*** Opening of PROVIDED ENTRIES ***

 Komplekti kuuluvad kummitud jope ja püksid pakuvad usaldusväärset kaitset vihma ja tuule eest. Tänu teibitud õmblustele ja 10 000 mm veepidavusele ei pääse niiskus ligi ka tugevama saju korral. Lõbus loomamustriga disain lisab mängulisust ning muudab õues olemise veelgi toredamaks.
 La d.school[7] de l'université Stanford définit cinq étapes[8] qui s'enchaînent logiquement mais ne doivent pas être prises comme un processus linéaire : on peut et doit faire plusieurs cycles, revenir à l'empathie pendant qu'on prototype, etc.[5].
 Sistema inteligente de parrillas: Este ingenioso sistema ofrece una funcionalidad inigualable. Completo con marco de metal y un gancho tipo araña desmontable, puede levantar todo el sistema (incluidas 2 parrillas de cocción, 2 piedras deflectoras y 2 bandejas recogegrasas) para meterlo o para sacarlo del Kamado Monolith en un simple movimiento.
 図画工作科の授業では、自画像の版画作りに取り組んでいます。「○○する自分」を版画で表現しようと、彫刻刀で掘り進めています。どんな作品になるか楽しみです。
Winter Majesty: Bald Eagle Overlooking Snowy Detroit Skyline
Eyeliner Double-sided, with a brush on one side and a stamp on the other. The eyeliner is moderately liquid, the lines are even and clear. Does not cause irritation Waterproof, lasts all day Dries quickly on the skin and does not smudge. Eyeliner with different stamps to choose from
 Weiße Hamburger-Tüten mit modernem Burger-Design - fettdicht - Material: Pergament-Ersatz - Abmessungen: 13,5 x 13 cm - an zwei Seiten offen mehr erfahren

*** Close of PROVIDED ENTRIES ***
*** Opening of PROVIDED ENTRIES ***

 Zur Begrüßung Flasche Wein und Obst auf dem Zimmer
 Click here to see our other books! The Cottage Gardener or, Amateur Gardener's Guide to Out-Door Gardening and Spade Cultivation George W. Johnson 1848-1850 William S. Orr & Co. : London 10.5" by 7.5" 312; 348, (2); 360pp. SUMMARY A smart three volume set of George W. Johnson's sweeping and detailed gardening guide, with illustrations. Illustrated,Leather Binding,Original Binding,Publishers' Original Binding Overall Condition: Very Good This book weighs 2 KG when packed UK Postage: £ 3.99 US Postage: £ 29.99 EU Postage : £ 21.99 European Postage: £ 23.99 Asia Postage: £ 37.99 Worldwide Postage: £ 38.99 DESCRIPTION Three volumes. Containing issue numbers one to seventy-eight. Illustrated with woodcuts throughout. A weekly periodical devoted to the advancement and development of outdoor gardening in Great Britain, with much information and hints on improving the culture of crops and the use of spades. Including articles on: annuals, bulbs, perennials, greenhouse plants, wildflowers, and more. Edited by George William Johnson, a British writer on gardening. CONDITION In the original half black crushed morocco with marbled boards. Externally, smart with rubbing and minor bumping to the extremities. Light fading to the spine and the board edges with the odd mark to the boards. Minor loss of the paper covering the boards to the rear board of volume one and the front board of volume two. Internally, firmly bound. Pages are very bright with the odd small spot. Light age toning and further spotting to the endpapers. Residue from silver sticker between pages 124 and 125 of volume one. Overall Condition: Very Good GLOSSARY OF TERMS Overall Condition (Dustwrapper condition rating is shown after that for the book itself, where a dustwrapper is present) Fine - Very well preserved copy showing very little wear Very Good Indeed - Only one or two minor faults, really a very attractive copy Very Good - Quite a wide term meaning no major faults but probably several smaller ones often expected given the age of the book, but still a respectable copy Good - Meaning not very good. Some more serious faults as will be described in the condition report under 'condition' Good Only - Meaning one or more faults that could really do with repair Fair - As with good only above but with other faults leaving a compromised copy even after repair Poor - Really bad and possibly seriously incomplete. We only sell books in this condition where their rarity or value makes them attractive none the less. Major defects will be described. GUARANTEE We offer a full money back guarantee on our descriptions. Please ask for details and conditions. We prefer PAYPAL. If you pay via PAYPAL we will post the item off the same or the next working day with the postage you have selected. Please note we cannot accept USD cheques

*** Close of PROVIDED ENTRIES ***
*** Opening of PROVIDED ENTRIES ***

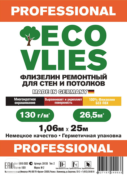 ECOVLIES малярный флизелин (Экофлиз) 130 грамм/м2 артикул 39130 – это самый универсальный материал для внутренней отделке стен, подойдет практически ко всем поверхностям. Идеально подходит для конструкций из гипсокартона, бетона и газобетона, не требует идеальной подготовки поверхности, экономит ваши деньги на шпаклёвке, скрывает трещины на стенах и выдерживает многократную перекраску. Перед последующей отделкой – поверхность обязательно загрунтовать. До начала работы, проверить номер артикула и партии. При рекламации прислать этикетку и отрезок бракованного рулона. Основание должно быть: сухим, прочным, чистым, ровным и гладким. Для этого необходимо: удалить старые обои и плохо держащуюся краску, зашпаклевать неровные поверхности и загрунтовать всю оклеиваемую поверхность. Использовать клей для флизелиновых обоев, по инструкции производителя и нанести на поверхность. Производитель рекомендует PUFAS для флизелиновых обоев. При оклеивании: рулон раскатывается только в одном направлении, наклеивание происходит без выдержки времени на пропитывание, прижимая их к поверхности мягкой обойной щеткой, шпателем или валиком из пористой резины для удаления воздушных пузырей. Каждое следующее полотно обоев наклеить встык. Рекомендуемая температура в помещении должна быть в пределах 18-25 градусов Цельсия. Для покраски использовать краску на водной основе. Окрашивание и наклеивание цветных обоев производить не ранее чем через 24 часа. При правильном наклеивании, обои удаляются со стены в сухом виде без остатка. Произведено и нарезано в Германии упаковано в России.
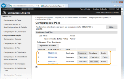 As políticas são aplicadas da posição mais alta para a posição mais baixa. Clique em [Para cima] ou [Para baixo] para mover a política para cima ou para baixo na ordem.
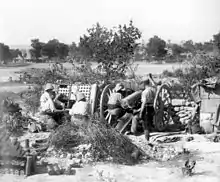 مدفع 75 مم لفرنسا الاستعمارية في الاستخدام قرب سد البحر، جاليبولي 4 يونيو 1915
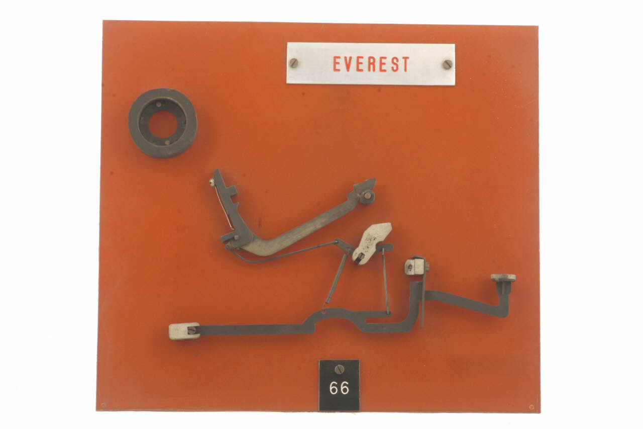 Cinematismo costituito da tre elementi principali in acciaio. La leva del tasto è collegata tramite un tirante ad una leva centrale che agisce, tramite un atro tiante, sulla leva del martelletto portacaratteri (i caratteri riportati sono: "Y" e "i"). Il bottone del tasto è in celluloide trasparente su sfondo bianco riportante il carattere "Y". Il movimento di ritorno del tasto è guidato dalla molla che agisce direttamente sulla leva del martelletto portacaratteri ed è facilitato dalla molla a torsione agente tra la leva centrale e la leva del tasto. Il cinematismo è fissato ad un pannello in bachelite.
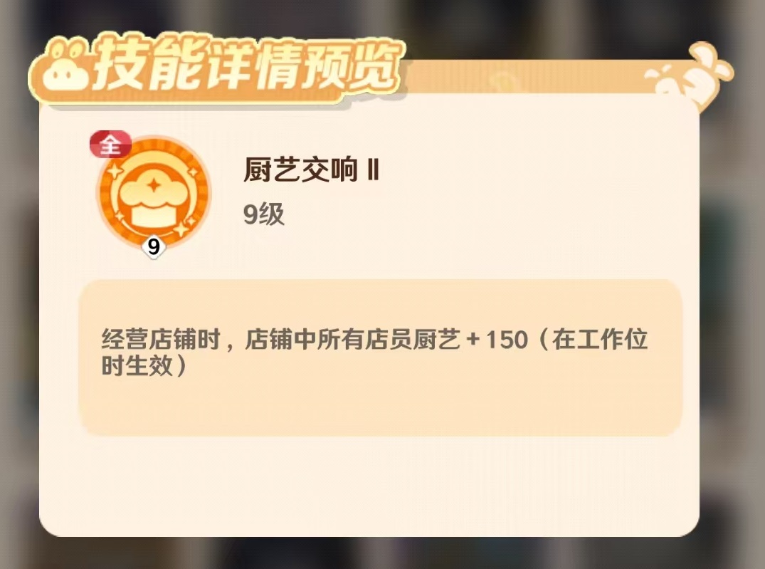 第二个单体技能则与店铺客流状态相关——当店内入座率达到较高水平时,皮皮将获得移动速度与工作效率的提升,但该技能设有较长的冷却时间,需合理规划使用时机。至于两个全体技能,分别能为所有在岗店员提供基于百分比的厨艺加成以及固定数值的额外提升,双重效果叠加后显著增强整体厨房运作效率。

*** Close of PROVIDED ENTRIES ***

◆ REQUIREMENT
Extract exactly and only the lines above from the line containing "Komplekti kuuluvad kummitud" through the line containing "Sistema inteligente de", both end lines included.

◆ RESPONSE TO THE TASK
 Komplekti kuuluvad kummitud jope ja püksid pakuvad usaldusväärset kaitset vihma ja tuule eest. Tänu teibitud õmblustele ja 10 000 mm veepidavusele ei pääse niiskus ligi ka tugevama saju korral. Lõbus loomamustriga disain lisab mängulisust ning muudab õues olemise veelgi toredamaks.
 La d.school[7] de l'université Stanford définit cinq étapes[8] qui s'enchaînent logiquement mais ne doivent pas être prises comme un processus linéaire : on peut et doit faire plusieurs cycles, revenir à l'empathie pendant qu'on prototype, etc.[5].
 Sistema inteligente de parrillas: Este ingenioso sistema ofrece una funcionalidad inigualable. Completo con marco de metal y un gancho tipo araña desmontable, puede levantar todo el sistema (incluidas 2 parrillas de cocción, 2 piedras deflectoras y 2 bandejas recogegrasas) para meterlo o para sacarlo del Kamado Monolith en un simple movimiento.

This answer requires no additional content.